The Nuncio to Zambia and Malawi, Archbishop Julio Murat, recently officially opened Zambia’s eighth Catholic owned radio station, Radio Kabangabanga.
The official opening of the radio station in Zambia came not as a surprise as the country, prior to that, had 7 other thriving Catholic community radio stations.
The licensing of Radio Kabangabanga in the Diocese of Solwezi, Zambia is testimony to how both the Zambian government and the Church have found community radio as a useful tool for development and evangelisation.
The development also dovetails well into the recommendations from the recent Synod on New Evangelisation which challenged the church to make extensive use of digital media for evangelisation.
The developments in Zambia can only draw envy from their neighbours, Zimbabwe who are battling against all odds to have community radios licenced.

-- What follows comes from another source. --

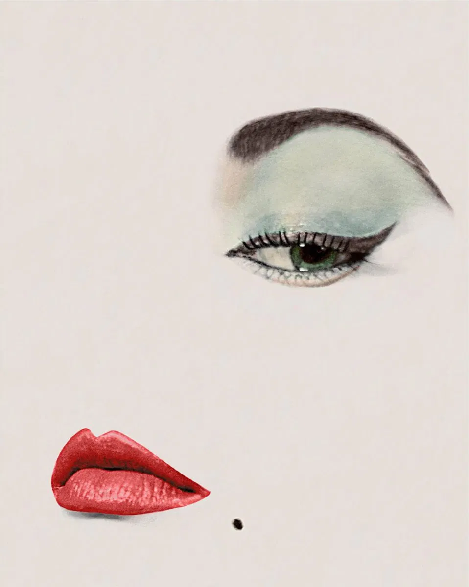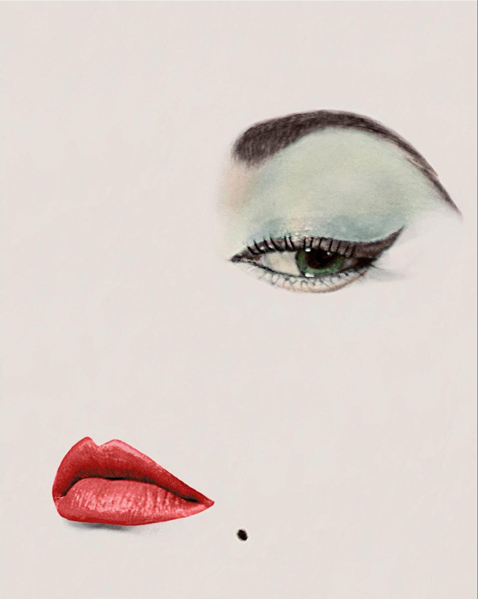 Using the techniques of photoengraving and colorization from the original Black and White negative, Erwin Blumenfeld created one of his most intriguing and dramatic covers for Vogue, one which has been endlessly imitated. The model, Jean Patchett, was reduced to a flat white background with perfect lips and a beauty spot. Blumenfeld had started working in Black and White photography but transitioned to color when he began working in the fashion photography industry, developing his style with techniques borrowed from his training as a painter. Blumenfeld currently holds the record for most Vogue cover shots and is a true fashion icon himself.

The Zimbabwean government has never licenced community radios despite there being enabling legislation for the operation of community radios in the country. There are up to 20 community radio initiatives in Zimbabwe that have been fighting with the government for licences in the last 15 years.
One of the Radio Initiatives strongly pushing for a licence is Radio Chiedza, a Jesuits led initiative in Harare. Chiedza means “light.”
The initiative has been ‘clearing the ground’ since October 2013 and is positioning itself for a broadcasting licence once the government decides to allow community broadcasters on air. So far, a huge number of Catholics mainly in Harare have registered as volunteers to help the station in creating content as well as creating avenues for fundraising.
The volunteers have not been idle in their waiting for a broadcasting licence, and they are on a mobilisation tour of parishes every weekend where they are engaging fellow Catholics on the functions and potential benefits of the Catholic radio station.